The Steam from the Boiling Kettle Scorches the Rose Leaves; It Is in My Power to Stop It but I Do Nothing
28 November 2023 -28 January 2024

From the beginning of 2023, Igor Samolet and I have been talking on the phone about once a month. He tells me where he has been and who he has met, shows me his recent photographs and video recordings, and we discuss the ideas for his new works. These calls are a part of our collaboration on his new series “The Experience of Vulnerability,” whose interim results are presented at this exhibition. At the same time, this communication is an inherent part of Samolet’s artistic practice as it relies on constant documenting and processing the evidence of the surrounding reality as its key method.

In the last two years, including his previous exhibition at сцена/szena gallery, “Politics of Hate,” Igor Samolet has been focused on such documental work through the lens of digital everydayness, collecting screenshots of posts and stories, dialogues on social media and lock screen wallpapers that he deemed important at any given moment. This archive of “brief,” fragmented and often quite personal an emotionally charged reactions to the events of the present day aimed at living the situation of here and now, was at the heart of his artistic expression. 

Working on the series “The Experience of Vulnerability,” the artist tries out a fundamentally different approach to the interaction with reality. In January 2023, to create this project, Igor Samolet embarked on a long research journey, which will cover eight countries in total. The geography of his trip is based on the routes of his friends and acquaintances who left Russia in the last two years. The artist’s research has two goals: firstly, to document how these people acquired a new experience of “out-of-homeness,” and secondly, to trace his own feelings. The evidence collected during field work: conversations with friends and new, sometimes random acquaintances, recorded on tape; travel notes; and various memorabilia – become the materials that inform his artistic practice. In addition, at each stop of his journey, Samolet creates new, usually site-specific works. The current project shows his new works created during the artist’s trip to Georgia, to a self-organized art-residence Korolistan. The residence, founded by Vera Pavlova (Lisokot), Taisia Elina and Ivan Naumov, is in the vicinity of Batumi, by the mountain river Korolistskali whose image and features Samolet uses in his works.
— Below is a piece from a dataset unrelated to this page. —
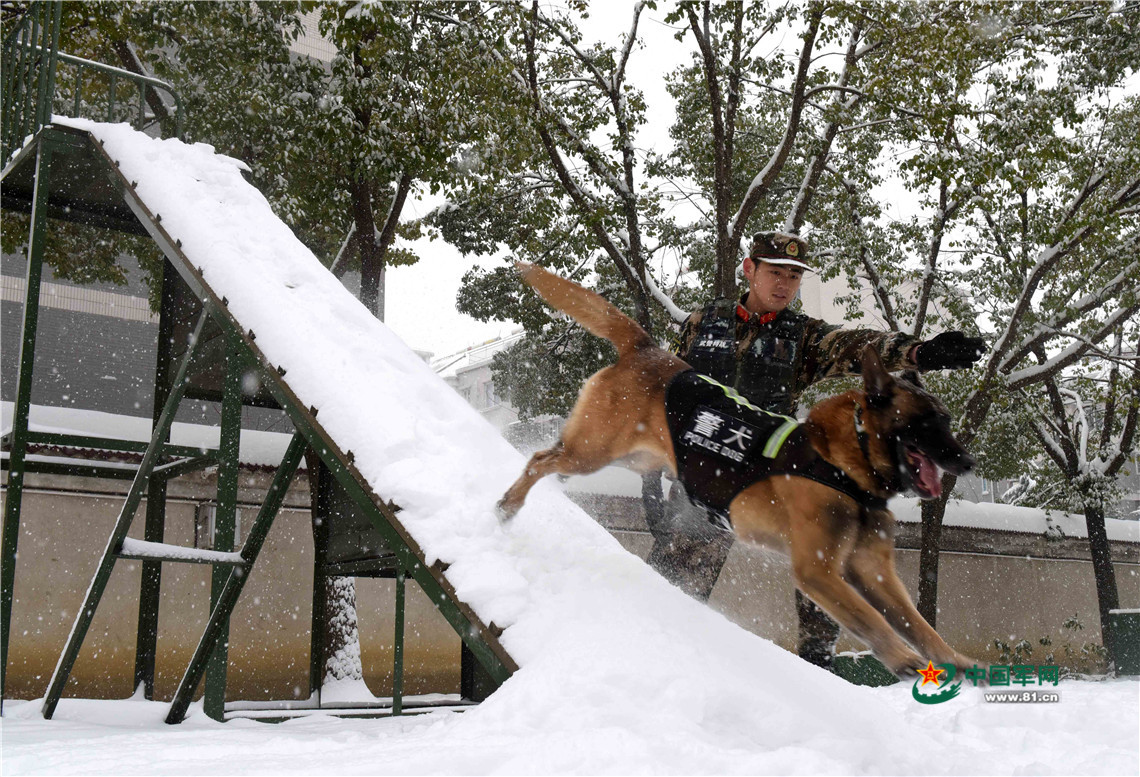 1月27日,武警安徽總隊(duì)機(jī)動(dòng)支隊(duì)警犬班班長(zhǎng)王營(yíng)廣帶領(lǐng)警犬“魯克”通過(guò)障礙。

In the main space of the gallery, a series of one hundred and one abstract graphic works is displayed, important to the artist not as much because of its visual properties but as a process, as an attempt, by definition impossible, to document and, as an artist, to control the ever-changing form of the river flow. The reflection on the limits of control is continued by a two-part installation: an unhandy control panel, installed opposite to a projected video of the same river Korolistskali flowing, as a juxtaposition of a rigid system to a flexible entity. Designed in the aesthetics of the first electronic machines, the control panel refers to the optimistic retro images of humans managing technology and subduing nature – the ideas that are now most associated with apocalyptic scenarios.  

The works in the small hall explore the tendency of information to be distorted or lost. Among them, there is a documentation of the performance “Witnesses” – a reflection on how our perception of the event changes as the distance grows between the observer and that what is observed. The artist sends three small spheres down the river Korolistskali, one after another, registering how many of them other three participants of the performance will see, standing at different distances from him further downstream.
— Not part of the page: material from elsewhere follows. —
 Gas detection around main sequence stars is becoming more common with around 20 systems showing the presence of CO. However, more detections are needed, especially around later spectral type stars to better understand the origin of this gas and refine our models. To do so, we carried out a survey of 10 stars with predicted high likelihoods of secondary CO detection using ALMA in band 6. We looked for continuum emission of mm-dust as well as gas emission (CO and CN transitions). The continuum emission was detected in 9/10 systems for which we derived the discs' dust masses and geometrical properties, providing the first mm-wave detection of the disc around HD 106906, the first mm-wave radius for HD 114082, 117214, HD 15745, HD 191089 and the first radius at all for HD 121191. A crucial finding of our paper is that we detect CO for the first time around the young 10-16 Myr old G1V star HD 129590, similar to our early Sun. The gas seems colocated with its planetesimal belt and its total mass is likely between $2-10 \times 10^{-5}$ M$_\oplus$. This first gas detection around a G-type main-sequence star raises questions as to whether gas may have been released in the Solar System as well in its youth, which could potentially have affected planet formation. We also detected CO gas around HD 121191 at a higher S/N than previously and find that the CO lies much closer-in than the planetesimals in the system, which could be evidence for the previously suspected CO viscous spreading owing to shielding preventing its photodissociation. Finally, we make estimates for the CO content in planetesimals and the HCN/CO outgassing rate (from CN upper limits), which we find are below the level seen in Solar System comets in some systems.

Other works in this space constitute a documentation of a site-specific object – a marble slab immersed under water, with an inscription that gave the exhibition its title. The object reminds both of a tombstone and a memorial plaque, appearing to be akin to the famous series of inscriptions on stone benches by Jenny Holzer. Holzer works with statements, political in essence and poetic in form, with slogans and quotes, which she puts on different media, the earliest being neon signs ad projections. In the mid-1980s, Holzer first used stone as a canvas for her text, arguing that, unlike neon or projections, which refer to advertisement and messages designed for rapid consumption, “marble and granite stop time.” Samolet follows a similar logic as in this work, he has different demands to the text’s relation to temporality, compared to his previous projects, which were situated in the realm of digital communication. Like Holzer, he transfers his statement onto an almost “eternal” medium, placing it, however, under troubled waters; he deliberately allows for the possibility that the carved words may be distorted or eroded, reflecting on the impermanence and fragility of even seemingly most robust structures.